61.8 and 62.2 have virtually the same point of impact, so this is probably your node. I'd load in the middle of this at 62.0gr and do a seating depth test. Do 0.010, 0.020, 0.030 and 0.040" off the lands and see which one it likes the most. If not as tight as you want, pick the best seating depth and do 0.0005 + and - to see which way to go. Most likely you'll be done there. Then run it over a chrono to get your velocity average, ES and SD. This is the OCW method and don't be upset if you don't have single digit ES for that doesn't always equate to small groups. You're looking for a forgiving load that's in a nice node that will give a very repeatable POI
I agree with this planning with exception of one part.
Seating is a VERY coarse
prerequisite adjustment, and is not tuning.

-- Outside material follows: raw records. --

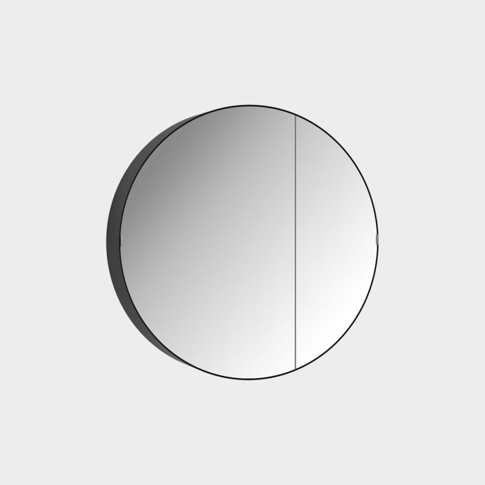 Espejo negro mate redondo sin luz de Ø79cm con almacenaje oculto, 2 sentidos de instalación posibles.
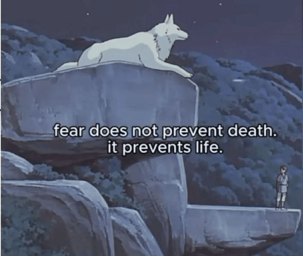 Setelah aku membaca kalimat di atas, ada satu hal yang kusadari, yaitu ketakutan tidak mencegah kematian, itu hanya mencegah kehidupan.
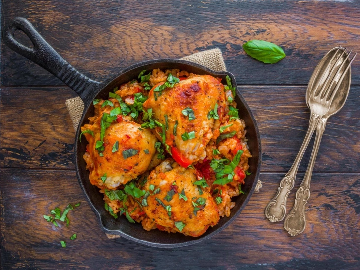 Всыпьте к уже готовящимся ингредиентам рис, обжарьте его, помешивая, не дольше минуты, и верните в сковороду куриную кожицу. Влейте примерно 600 мл воды, перемешайте смесь и переверните курицу. Готовьте блюдо под крышкой.
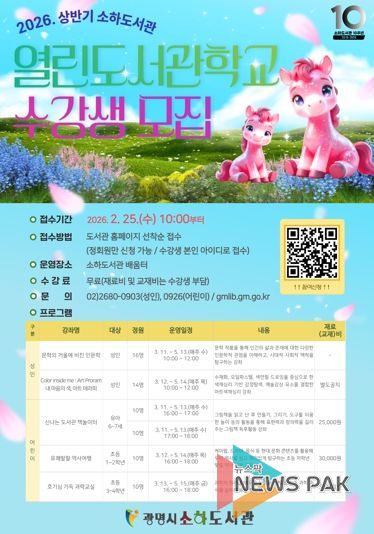 뉴스팍 배상미 기자 | 광명시 소하도서관이 ‘2026년 상반기 열린도서관학교’ 수강생을 모집한다.
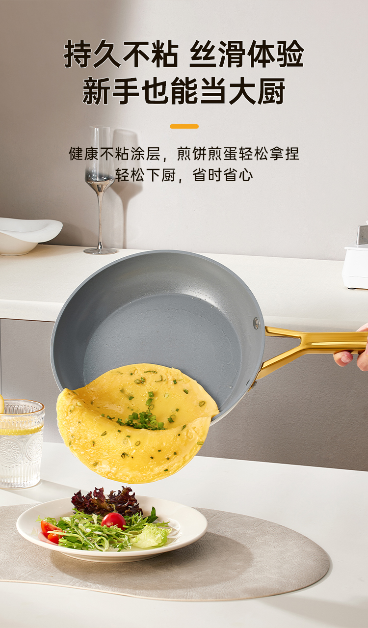 1、国标I级不粘锅具,不止耐用白色更显高级 现代化厨房标配,健康不粘涂层,煎饼煎蛋轻松拿捏轻松下厨,省时省心。
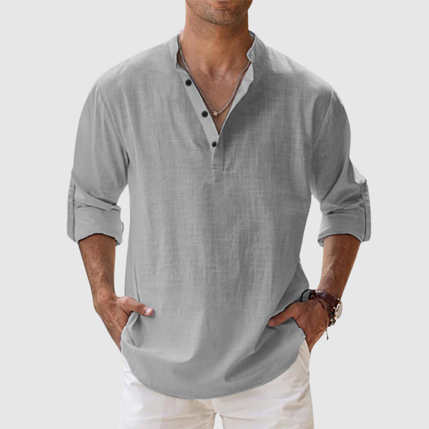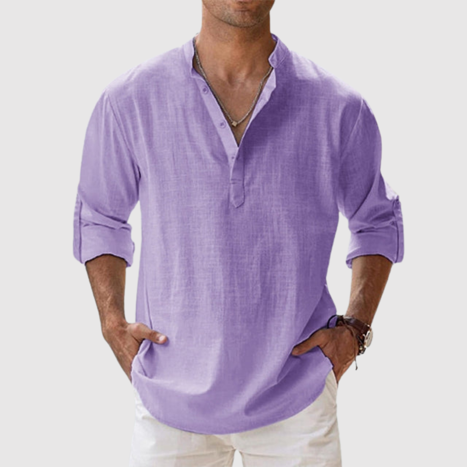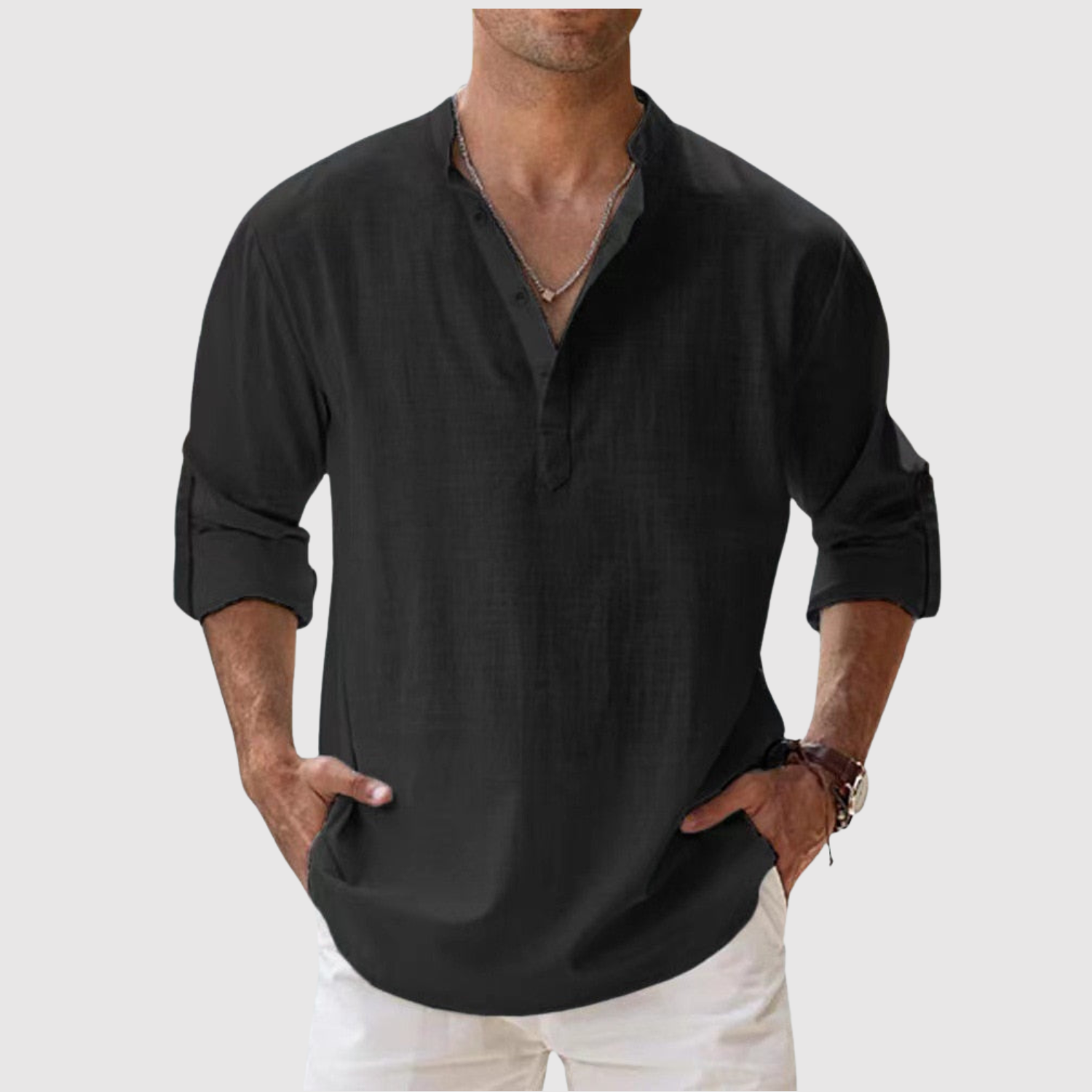 Naša lanena košulja dizajnirana je za muškarce koji žele svjež, moderan izgled bez žrtvovanja udobnosti. Zahvaljujući ležernom kroju i svestranom dizajnu, idealna je i za šetnje plažom i za ležerni urbani stil. Lagan i prozračan materijal pruža udobnost tijekom cijelog dana, dok otvoreni dizajn leđa i duge, podvrnute rukave čine majicu praktičnom i bezvremenskom.

It affects tune, but you shouldn't try to tune with seating.
Instead, you should tune with your finest
tuning adjustment, which is powder (right to the kernel)(after meeting prereq seating).
Also, the biggest mistake anyone can make with full seating testing is to do so from a powder node.
dougduey points out 62.0gr as a powder node. DO NOT perform full seating testing from there. It's the worst place in the world to do it from.
This, because your seating adjustments from there would serve more to collapse the powder node, than to indicate best seating.
Beluebow mentioned beginning seating testing at ~60gr,, that's a better plan.
From there you could see big ugly grouping that is obviously opening/closing with seating adjustments.
It's way easier to find best coarse seating with this.
Then go to powder testing.
Then go to final seating tweaking (within it's window) for tightest group shaping.
And while at ~60gr, you might do some primer swapping to see if anything stands out as better.
Like coarse seating, primer swapping is not tuning, but prerequisite to tuning. And of course you should also not do that from a powder node.
With this much testing done, your cases should be fully fire formed to stable, ready for tuning.